From: | "Euler Taveira" <euler(at)eulerto(dot)com> |
---|---|
To: | duffieldzane(at)gmail(dot)com, pgsql-bugs(at)lists(dot)postgresql(dot)org |
Subject: | Re: BUG #18897: Logical replication conflict after using pg_createsubscriber under heavy load |
Date: | 2025-04-23 01:57:53 |
Message-ID: | 86e60caf-d994-4b97-b504-22db9c825c52@app.fastmail.com |
Views: | Raw Message | Whole Thread | Download mbox | Resend email |
Thread: | |
Lists: | pgsql-bugs |
On Wed, Apr 16, 2025, at 8:14 PM, PG Bug reporting form wrote:
> I'm in the process of converting our databases from pglogical logical
> replication to the native logical replication implementation on PostgreSQL
> 17. One of the bugs we encountered and had to work around with pglogical was
> the plugin dropping records while converting to a streaming replica to
> logical via pglogical_create_subscriber (reported
> https://github.com/2ndQuadrant/pglogical/issues/349) I was trying to
> confirm that the native logical replication implementation did not have this
> problem, and I've found that it might have a different problem.

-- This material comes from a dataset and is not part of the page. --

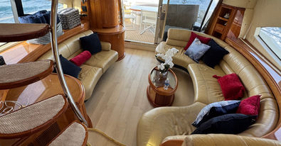 From the moment you step aboard, you’re surrounded by elegance. Enjoy expansive outdoor decks perfect for sunbathing and socializing, a spacious flybridge with panoramic Gulf views, and a beautifully appointed, air-conditioned salon for relaxing in comfort. Plush seating, refined interiors, and premium amenities create the perfect setting for an elevated day on the water.

pg_createsubscriber uses a different approach than pglogical. While pglogical
uses a restore point, pg_createsubscriber uses the LSN from the latest
replication slot as a replication start point. The restore point approach is
usually suitable to physical replication but might not cover all scenarios for
logical replication (such as when there are in progress transactions). Since
creating a logical replication slot does find a consistent decoding start
point, it is a natural choice to start the logical replication (that also needs
to find a decoding start point).
> I should say that I've been operating under the assumption that
> pg_createsubscriber is designed for use on a replica for a *live* primary
> database, if this isn't correct then someone please let me know.
pg_createsubscriber expects a physical replica that is preferably stopped
before running it.
> I have a script that I've been using to reproduce the issue (pasted at end
> of email, because this bug reporting page doesn't seem to support
> attachments). It basically performs a loop that sets up a primary and a
> physical replica, generates some load, converts the replica to logical,
> waits, and makes sure the row counts are the same.
If I run your tests, it reports
$ NUM_THREADS=40 INSERT_WIDTH=1000 /tmp/logical_stress_test.sh
.
.
*** Successfully started logical replica on port 5341.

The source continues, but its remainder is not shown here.